Developed largely by Frederick Clements, this theory posits that there is only one climax community in a region, determined solely by the climate, regardless of the initial variety of environmental conditions. All seral communities in a region, given enough time, would converge to this single climax.

The landscape would be dominated by a uniform plant and animal community. Other communities are seen as stages in ecological successional development related to the climax, such as subclimax, disclimax, preclimax, and postclimax:

• Subclimax: A stage just before the climatic climax community.
• Disclimax: A type of vegetation maintained by recurrent disturbances, mainly biotic, preventing the establishment of the climatic climax community.
• Preclimax: Vegetation of lower life forms than the adjacent community, resulting from different soil conditions.
• Postclimax: A strip of higher life forms within a climatic climax, such as a forest along a stream in a grassland community.

Numerous other terms like coclimax, superclimax, quasiclimax, anticlimax, and pseudoclimax were later introduced by post-Clements ecologists to describe specific situations.
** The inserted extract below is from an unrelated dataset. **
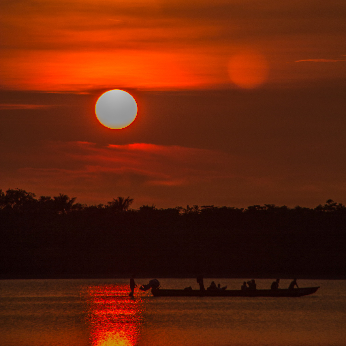 아마존에서 지내는 동안 가장 좋을 때가 언제냐고 누가 나에게 묻는다면, 무조건 일몰시간을 꼽을 것 같다. 에콰도르의 위도가 적도 근방이기 때문에 해가 뜨고 지는 시간이 늘 일정하다. 6시에 해가 뜨고 6시에 해가 지는, 낮과 밤이 동일한 공간. 늘 배를 타고 가다가 동일한 포인트(약간의 차이는 있지만)에서 일몰을 보게 된다.

This theory is supported by Cowles, Ranganathan, and Puri but strongly opposed by Daubenmire (1968).

Poly-Climax Theory

This theory was developed by Tansley, it argues that the climax vegetation of a region consists of a mosaic of vegetational climaxes controlled by factors such as soil moisture, soil nutrients, topography, slope exposure, fire, and animal activity. Each stable community is considered a climax and described with a prefix, such as edaphic climax, topographic climax, biotic climax (zootic, grazing, or anthropogenic), and fire climax.

For instance, grassland communities in central India, Sri Lanka, and parts of California are considered biotic climaxes due to the influence of fire, grazing, and other biotic factors, as noted by Misra, Pandeya, and Holmes.

Climax Pattern Theory

This theory was put forward by Whittaker, MacIntosh, and Sellack, it suggests that the composition, species structure, and balance of a climax community are determined by the total environment of the ecosystem, not just by climate. Factors include species characteristics, biotic interrelationships, availability of flora and fauna, chance dispersal of seeds and animals, and soil and climate conditions.
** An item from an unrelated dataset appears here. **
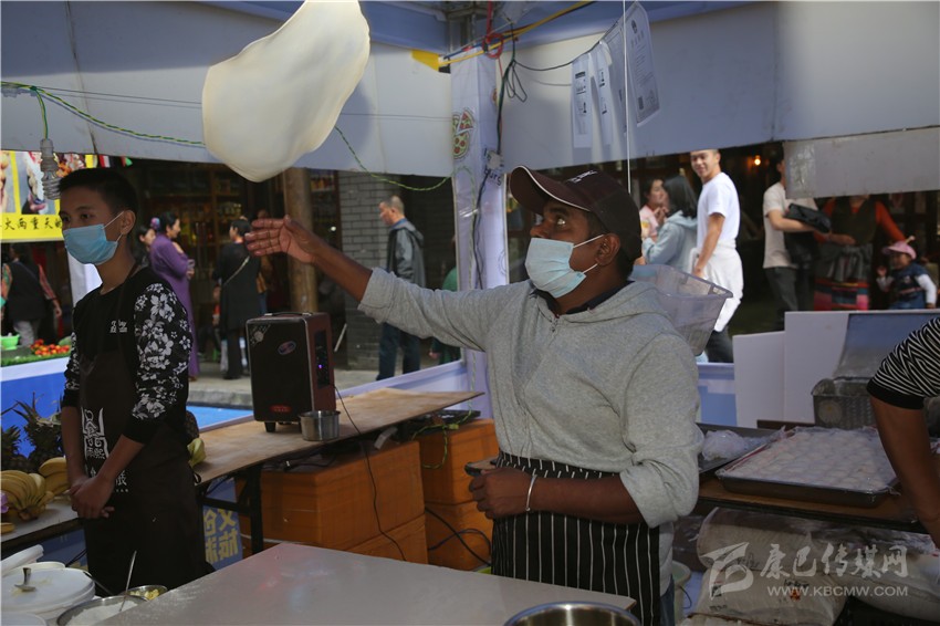 幾十頂帳篷擠滿了幾百米長的街道,帳篷內(nèi)的攤位擺滿了琳瑯滿目的特色美食,來自各國各地的特色小吃匯聚在此,散發(fā)出的香味互相交融。每一個攤位面前擠滿了食客,都在迫不及待地想品嘗美味,攤位上的每一位商家都在熱情的招呼著食客們。

The climax vegetation pattern changes with environmental changes, forming a gradient of communities, or ecoclines. The most widespread community in this pattern, the prevailing or climatic climax, most clearly reflects the area’s climate.

Information Theory

This theory was proposed by Leith, Odum, and Golley, this theory considers ecological succession and climax in terms of ecosystem development.
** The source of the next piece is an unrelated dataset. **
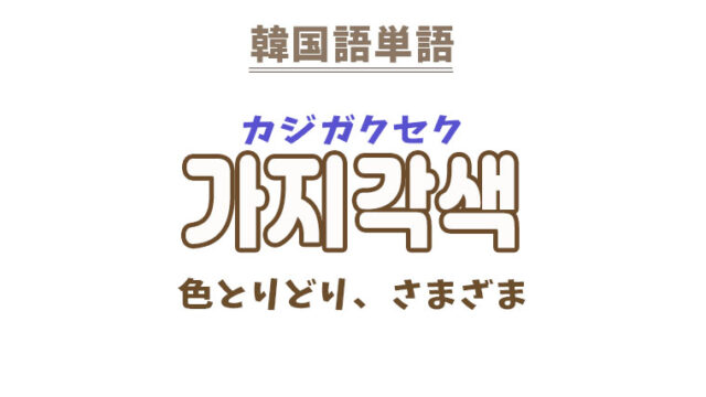 単語・慣用句 韓国語【가지각색】を覚える! 2022年8月5日 makumaku 가지각색カジガクセク 色とりどり、様々〔名詞〕 【가지각색】の解説 【가지각색】の日本語訳。 色とりどり、様々 【가지각색:色とり …

In autotrophic succession (ecosystem development), species diversity increases with an increase in organic matter and biomass supported by available energy. In a climax community, the available energy and biomass, or information content, increase.

In contrast, heterotrophic succession involves a gradual energy depletion, as respiration rates exceed production rates.

In an ecosystem, both autotrophic and heterotrophic successions operate coordinately. Autotrophs derive mineral elements from the soil and atmosphere, while heterotrophs return nutrients through the decomposition of dead organic matter.